Task data section start

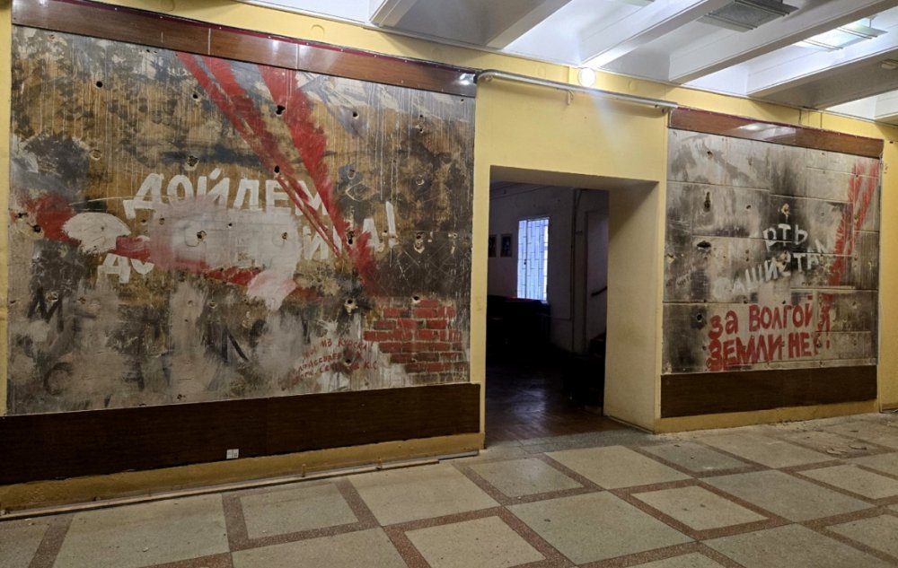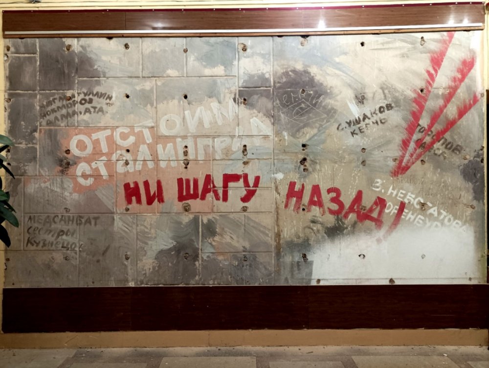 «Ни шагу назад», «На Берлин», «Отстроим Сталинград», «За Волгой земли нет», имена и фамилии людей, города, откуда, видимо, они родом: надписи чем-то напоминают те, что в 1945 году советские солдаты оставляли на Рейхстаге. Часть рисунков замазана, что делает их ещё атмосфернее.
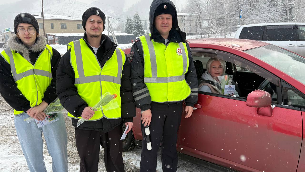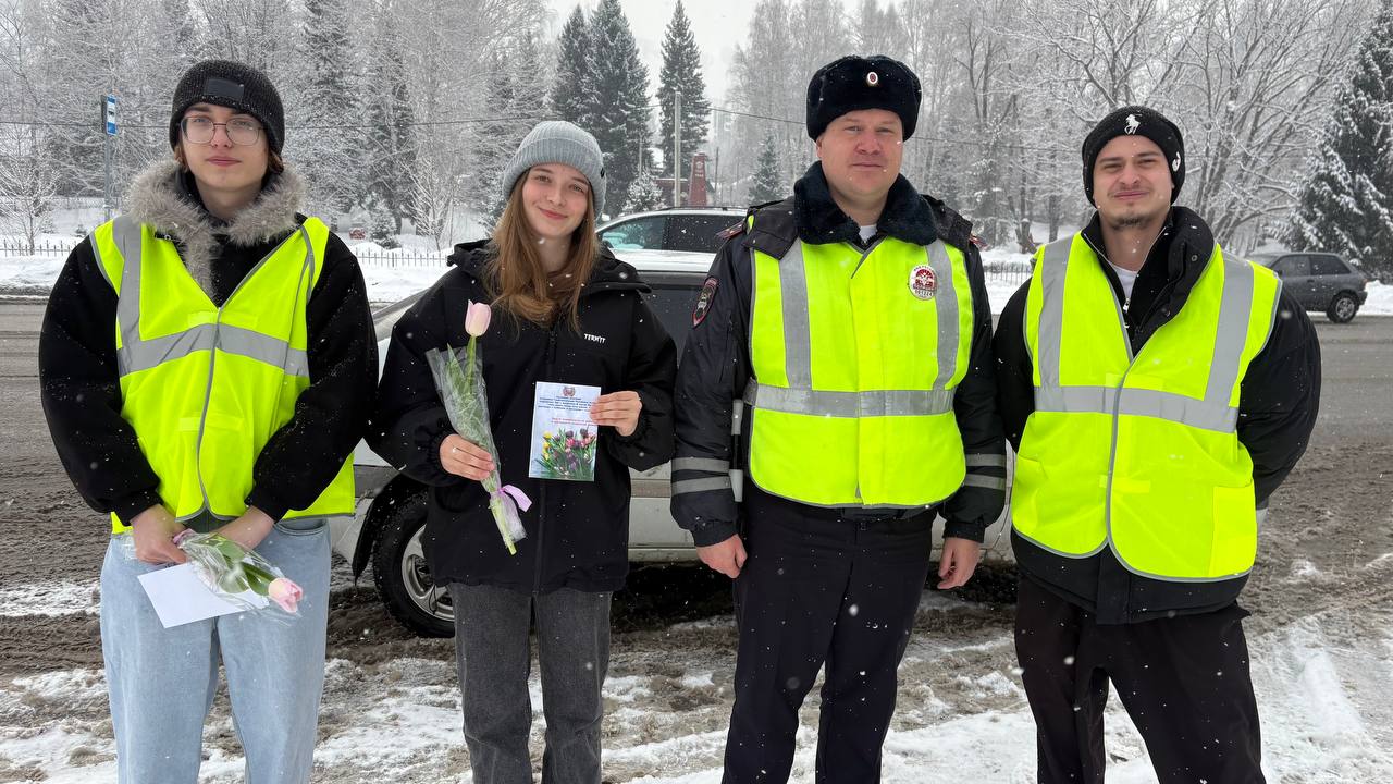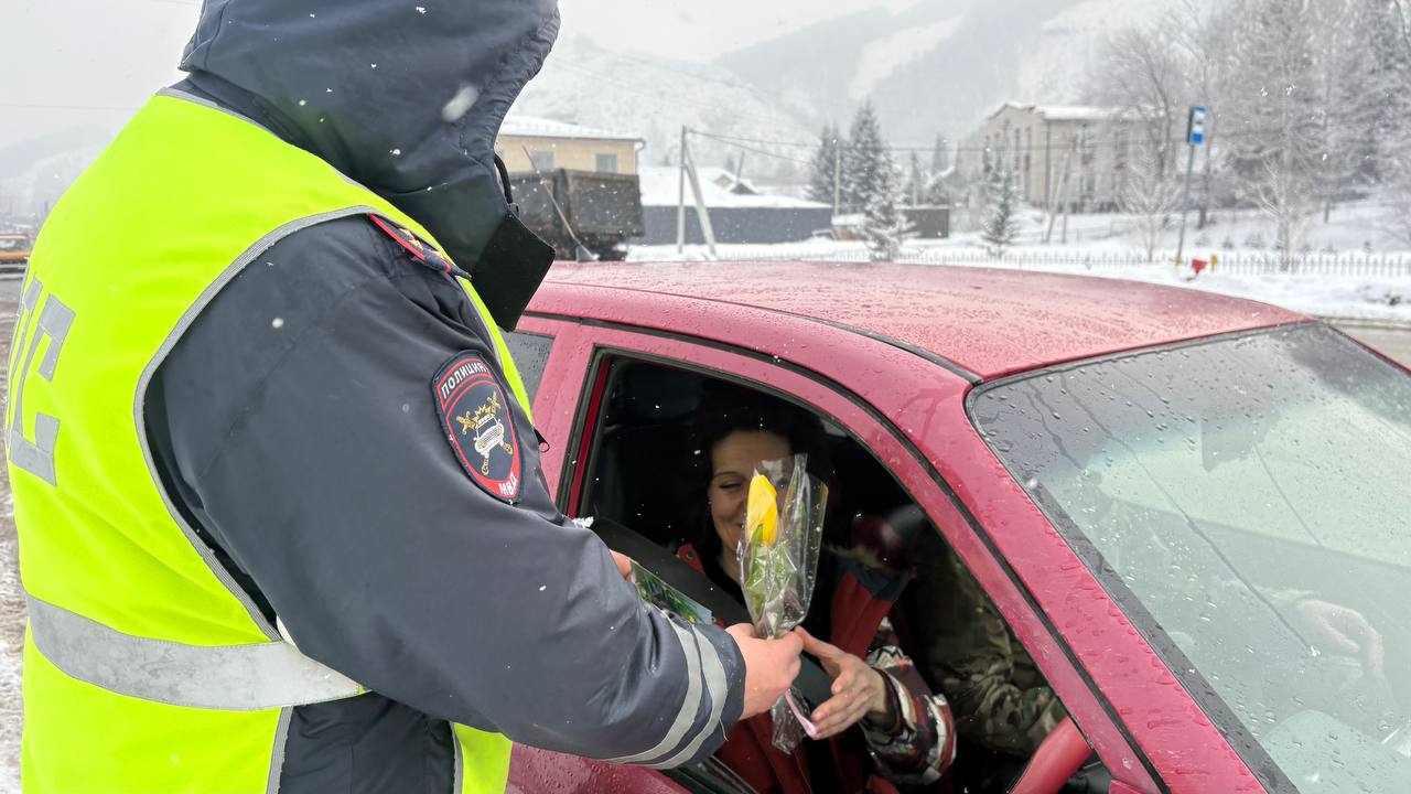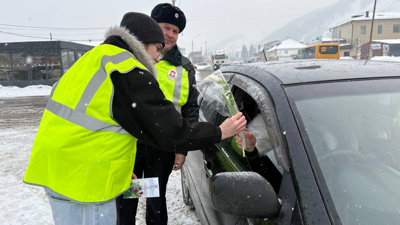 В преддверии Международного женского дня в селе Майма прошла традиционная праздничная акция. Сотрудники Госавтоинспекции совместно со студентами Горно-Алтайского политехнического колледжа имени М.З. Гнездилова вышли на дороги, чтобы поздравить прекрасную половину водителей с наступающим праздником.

Task data section end
Task data section start

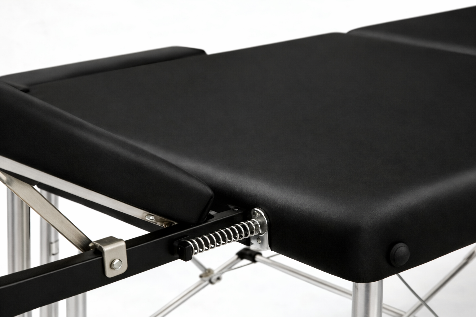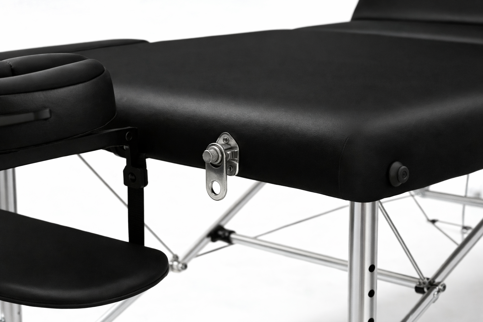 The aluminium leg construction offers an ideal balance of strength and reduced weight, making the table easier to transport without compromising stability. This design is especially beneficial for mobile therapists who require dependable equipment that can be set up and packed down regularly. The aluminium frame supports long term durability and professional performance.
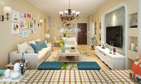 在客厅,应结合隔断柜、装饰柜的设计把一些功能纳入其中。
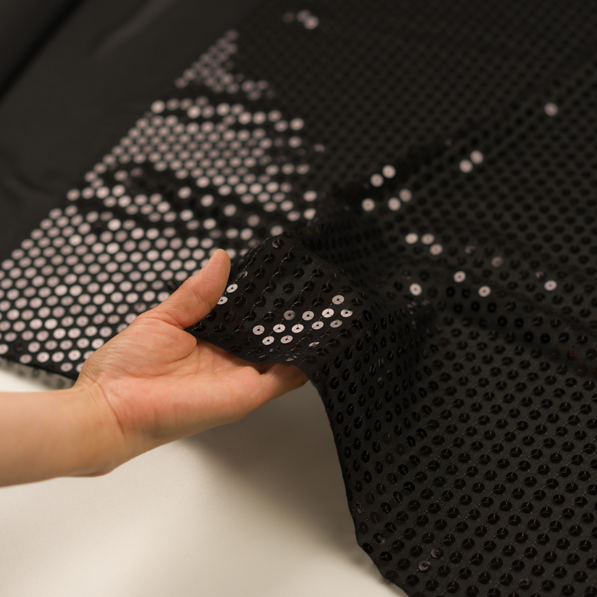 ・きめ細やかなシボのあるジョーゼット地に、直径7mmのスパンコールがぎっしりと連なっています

Task data section end
Task data section start

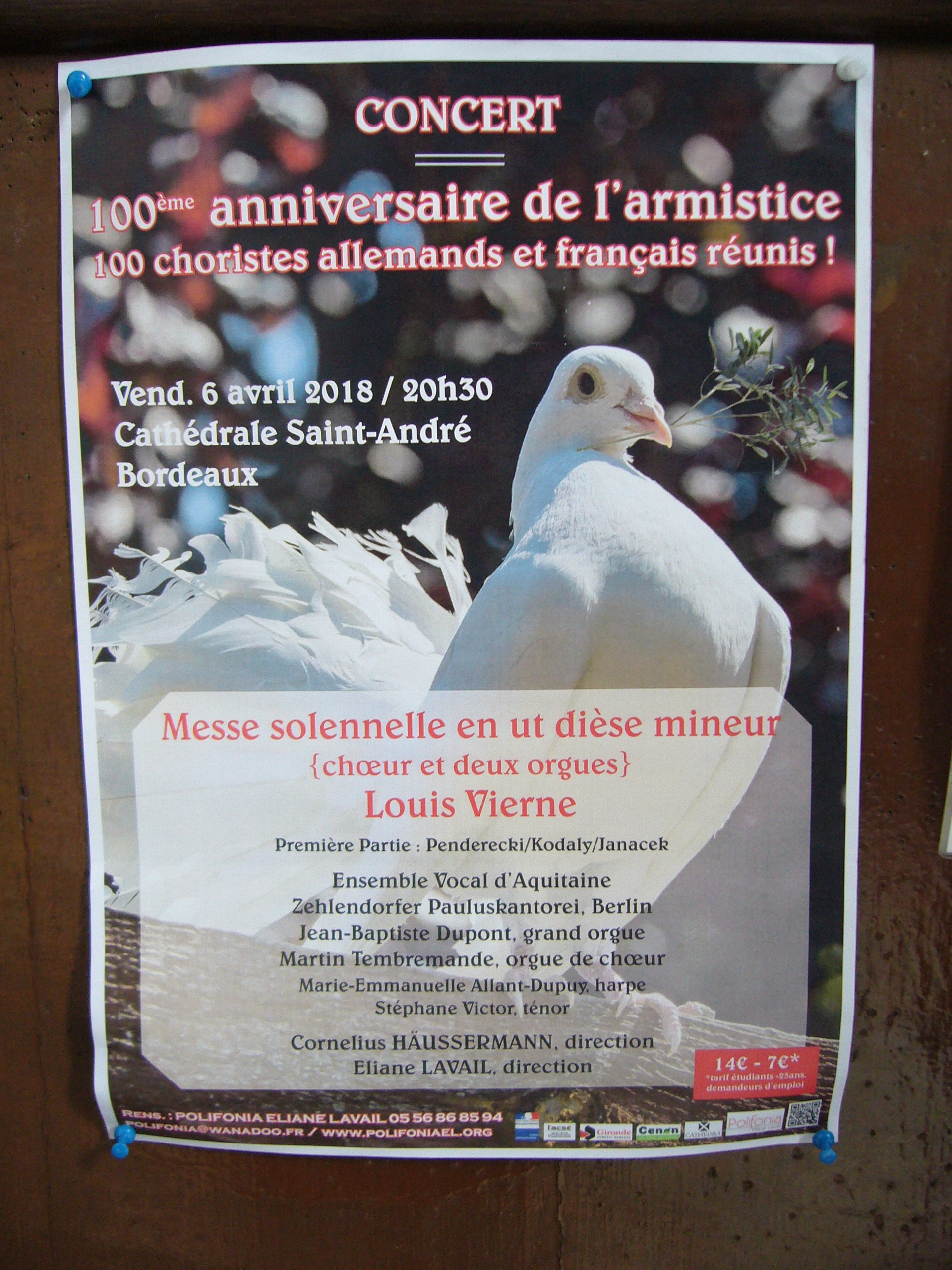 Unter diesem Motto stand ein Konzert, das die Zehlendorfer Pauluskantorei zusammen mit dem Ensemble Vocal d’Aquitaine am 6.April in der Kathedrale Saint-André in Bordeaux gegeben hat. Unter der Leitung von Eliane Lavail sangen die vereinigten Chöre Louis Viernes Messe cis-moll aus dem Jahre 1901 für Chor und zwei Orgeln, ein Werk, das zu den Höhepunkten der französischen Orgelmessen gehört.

Task data section end

■ Task requirements
Within the listing above, the lines starting at the one containing "их ещё атмосфернее." and ending at the one containing "В преддверии Международного" are to be returned exactly. Omit the pictures.

■ Your solution
 «Ни шагу назад», «На Берлин», «Отстроим Сталинград», «За Волгой земли нет», имена и фамилии людей, города, откуда, видимо, они родом: надписи чем-то напоминают те, что в 1945 году советские солдаты оставляли на Рейхстаге. Часть рисунков замазана, что делает их ещё атмосфернее.
 В преддверии Международного женского дня в селе Майма прошла традиционная праздничная акция. Сотрудники Госавтоинспекции совместно со студентами Горно-Алтайского политехнического колледжа имени М.З. Гнездилова вышли на дороги, чтобы поздравить прекрасную половину водителей с наступающим праздником.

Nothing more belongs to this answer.